Contour Integration with $\cos(n \theta)$

Question

I need to compute the following real integral using complex numbers. I'm unsure how to handle the numerator so that the ensuing calculations do not become too unwieldily.

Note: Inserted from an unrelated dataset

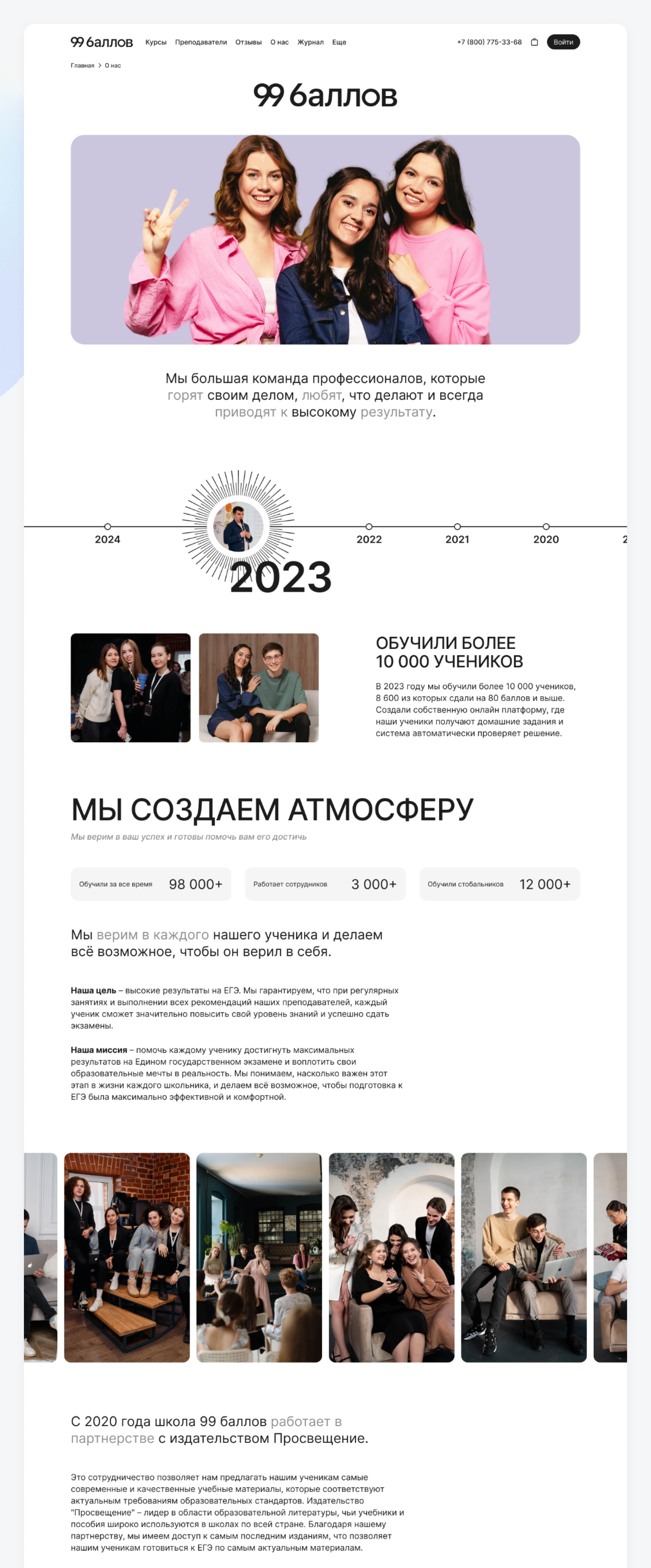 Мы создали уникальный дизайн страницы. Добавили важные фотографии команды и историю по годам. Важно показывать, что школа развивается и двигается вперед.

$\int_{0}^{2\pi} \frac{ \cos n\theta}{\cos(\theta)-a} d\theta$ Thanks!

Answer 1

Let $I(a)$ be given by

$$I(a)=\int_0^{2\pi} \frac{\cos (n\theta)}{cos \theta -a}\,d\theta$$

Using Euler's Formula, we can write $I(a)$ as

$$I(a)=\text{Re}\left(\int_0^{2\pi} \frac{e^{in\theta}}{cos \theta -a}\,d\theta\right) \tag 1$$

Now, letting $z=e^{i\theta}$ in $(1)$ reveals

$$\begin{align} I(a)&=\text{Re}\left(-2i\oint_{|z|=1}\frac{z^n}{z^2-2az+1}\,dz\right)\\\\ &=4\pi \text{Res}\left(\frac{z^n}{z^2-2az+1},z=a-\sqrt{a^2-1}\right)\\\\ &=-2\pi \frac{\left(a-\sqrt{a^2-1}\right)^n}{\sqrt{a^2-1}} \end{align}$$

Answer 2

The equivalent contour integral is

$$-i \oint_{|z|=1} \frac{dz}{z^n} \frac{z^{2 n}+1}{z^2-2 a z+1} $$

There are two poles inside this unit circle: $z=0$ and $z=a-\sqrt{a^2-1}$. Let's first write down the residue at $z=a=\sqrt{a^2-1}$, which the reader should be able to show (the pole is simple) that it is

$$\frac{i}{2\sqrt{a^2-1}} \left [\left (a+\sqrt{a^2-1}\right )^n +\left (a-\sqrt{a^2-1}\right )^n \right ]$$

The computation of the residue at the pole at $z=0$ is obviously more complicated. However, rather than attempt to evaluate an $n-1$th derivative of the rational function in the integrand, we will have better luck by expanding the denominator for small $z$ and locating the coefficient of $z^{n-1}$. Note that

$$\frac1{z^2-2 a z+1} = \sum_{k=0}^{\infty} U_k(a) z^k$$

where $U_k$ is a Chebyshev polynomial of the second kind. In this case, as $a \gt 1$, we have the residue in this case being

$$-i U_{n-1}(a) = -i \frac{\sinh{(n \operatorname{arccosh}{a})}}{\sinh{( \operatorname{arccosh}{a})}} = -\frac{i}{2\sqrt{a^2-1}}\left [\left (a+\sqrt{a^2-1}\right )^n -\left (a-\sqrt{a^2-1}\right )^n \right ]$$

The integral is then $i 2 \pi$ times the sum of these residues. We may then write

$$\int_0^{2 \pi} d\theta \frac{\cos{n \theta}}{a-\cos{\theta}} = \frac{2 \pi}{\sqrt{a^2-1}}\left (a-\sqrt{a^2-1}\right )^n$$